It gave you 6 years of good service and you think that's a reason to take it off of your list? 6 years is an eternity in the computer industry. PSU's blow up all of the time - my brother has a P4 (prescott), 7800GT and loads of other case fans, etc...the 450 watt that came with the case gave us a nice show when it shot a couple of sparks, puffed out some smoke and squeaked a few times. :) 
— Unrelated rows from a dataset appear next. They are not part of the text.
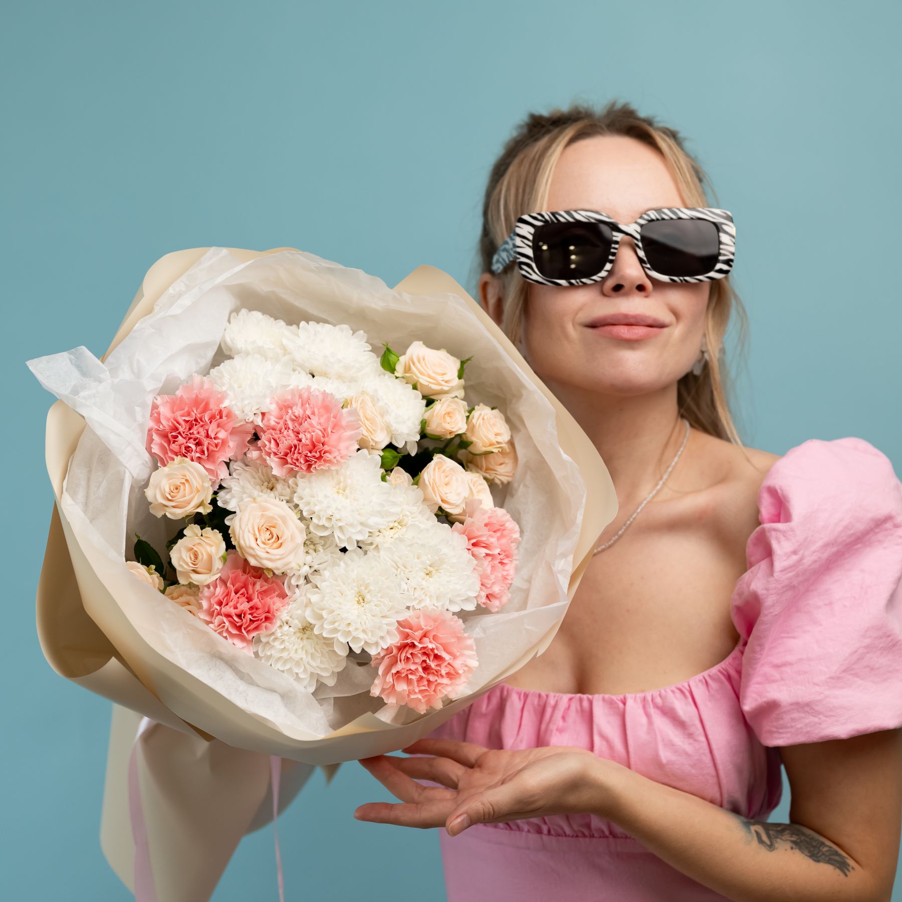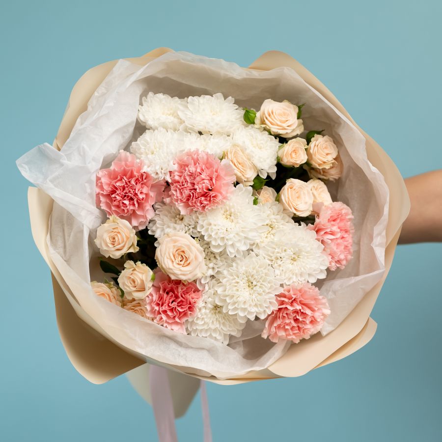 В связи с сезонностью цветов, состав букета может быть изменён на усмотрение флориста. Цветовая гамма и стилистика букета остаются прежними.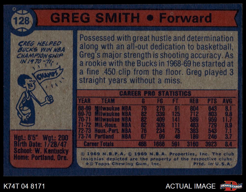 1974 Topps #128 Greg Smith 6 - EX/MT
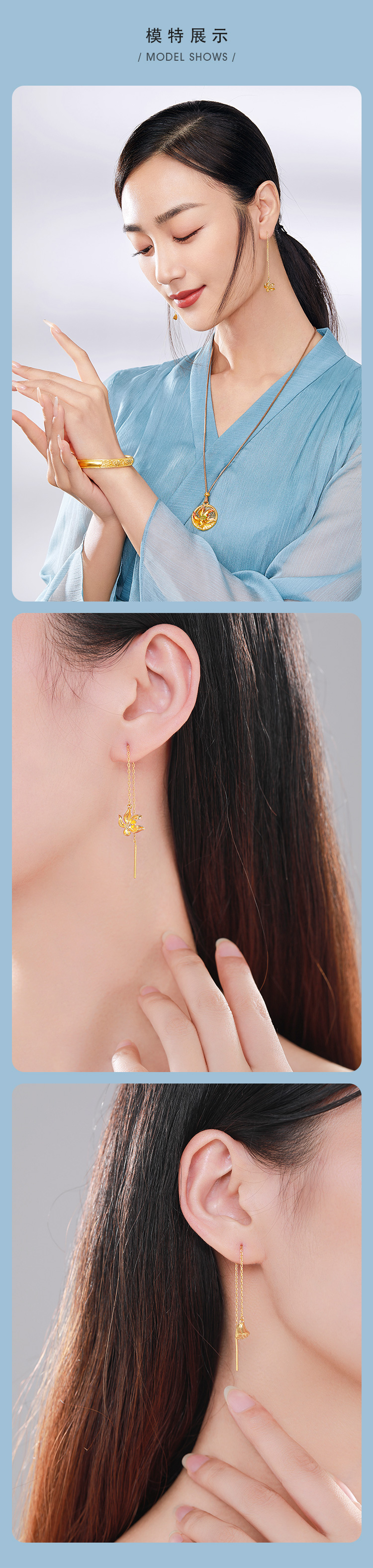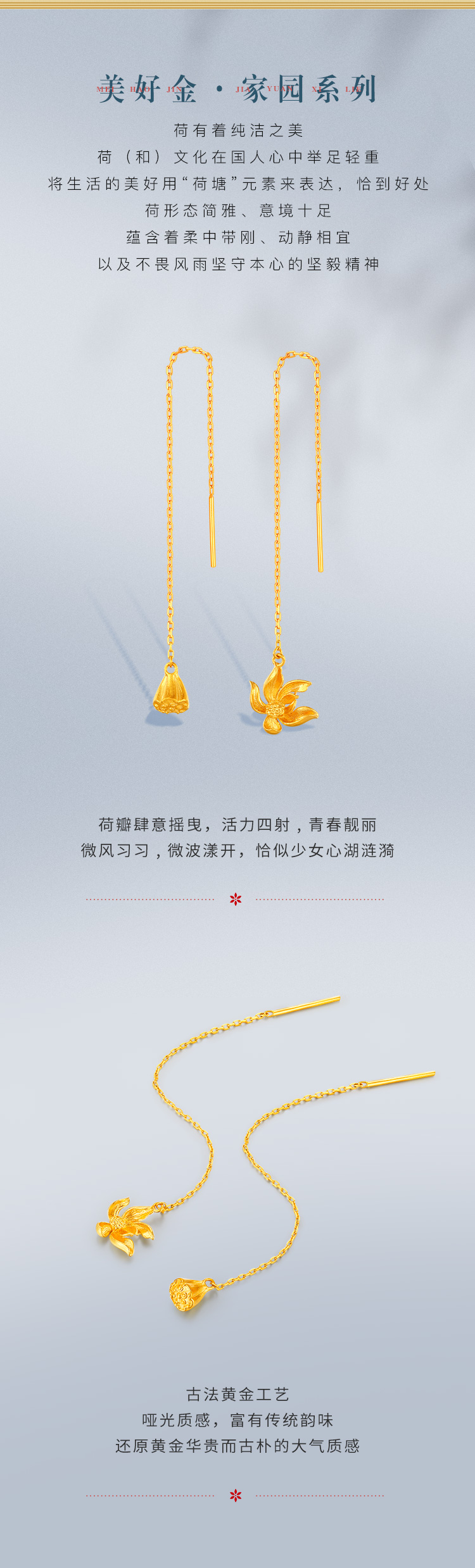 「美好金家园-涟漪」足金黄金耳线 古法工艺长款莲花莲蓬耳饰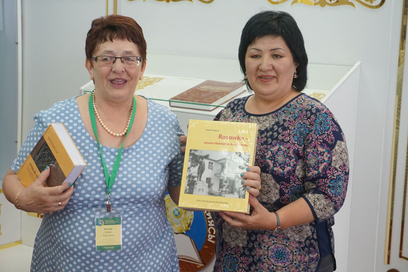 Ольга Литневская, заместитель председателя Павлодарского общества немцев, преподнесла в дар библиотеке два издания: «Из истории немцев Павлодарского Прииртышья» и «Яков Геринг: вся моя жизнь для людей», а София Вагнер – свою книгу о малой родине селе Розовка.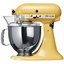 Обратите внимание на цвет миксера Китчен Эйд — желтый — он может стать как гармоничным дополнением кухонной обстановки, так и ярким акцентом. В комплекте с самим прибором идут дополнительные элементы: венчик для взбивания, защитная крышка на чашу, защитный обод с воронкой для засыпания продуктов, крюки для теста, насадка-лопатка для перемешивания. Вы можете приобрести и установить другие насадки, для них создано специальное гнездо. Также производитель предусмотрел вариант расширения функционала до кухонного комбайна.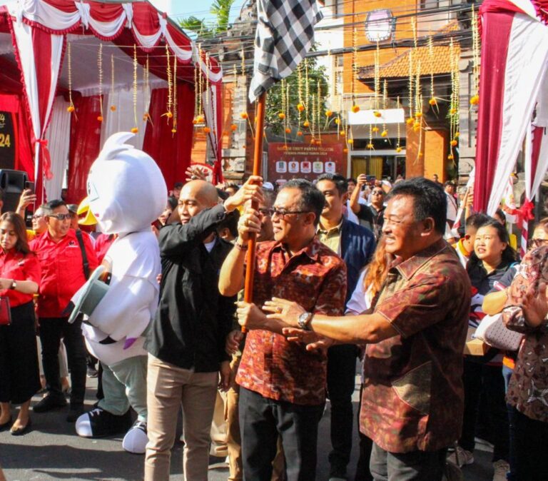 Iring-iringan kirab bendera partai politik Pemilu 2024 tiba di Kota Denpasar pukul 08.00 Wita diiringi tabuh baleganjur, tarian Sekar Jempiring dan Baris Gede. Usai diserahkan, bendera partai politik langsung diarak mengelilingi Lapangan Niti Mandala Renon. Dalam kesempatan tersebut turut dilaksanakan penandatanganan berita acara serah terima serta deklarasi Pemilu sebagai sarana integrasi bangsa. Turut diserahkan pula cinderamata Suara Rakyat (Sura) dan Suara Pemilu (Sulu) merupakan maskot Pemilu serentak 2024.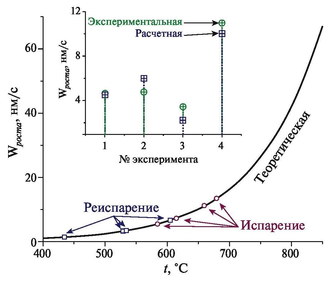 Результат расчета зависимости скорости роста от температуры испарения в диапазоне от 400 до 850°С представлен на рис. 1 черной сплошной линией. Ввиду того, что зоны конденсации паров имели достаточно высокие температуры, в расчетах также учитывался процесс испарения в горячей (“Испарение” на рис. 1) и в холодной (“Реиспарение” на рис. 1) зонах. На кривой красными кружками и синими квадратами обозначены скорости роста при температурах горячей и холодной зон соответственно, достигнутые в ходе экспериментов (табл. 1).

A UPS might help a little bit, but the high and low voltages at which they intervene are pretty separated, but as another poster said the power supplies (at least ones with PFC) are designed to work over a range of voltages.
June 24, 2008 4:12:42 PM

nitrous9200 said:
It gave you 6 years of good service and you think that's a reason to take it off of your list? 6 years is an eternity in the computer industry. PSU's blow up all of the time - my brother has a P4 (prescott), 7800GT and loads of other case fans, etc...the 450 watt that came with the case gave us a nice show when it shot a couple of sparks, puffed out some smoke and squeaked a few times. :) 

A UPS might help a little bit, but the high and low voltages at which they intervene are pretty separated, but as another poster said the power supplies (at least ones with PFC) are designed to work over a range of voltages.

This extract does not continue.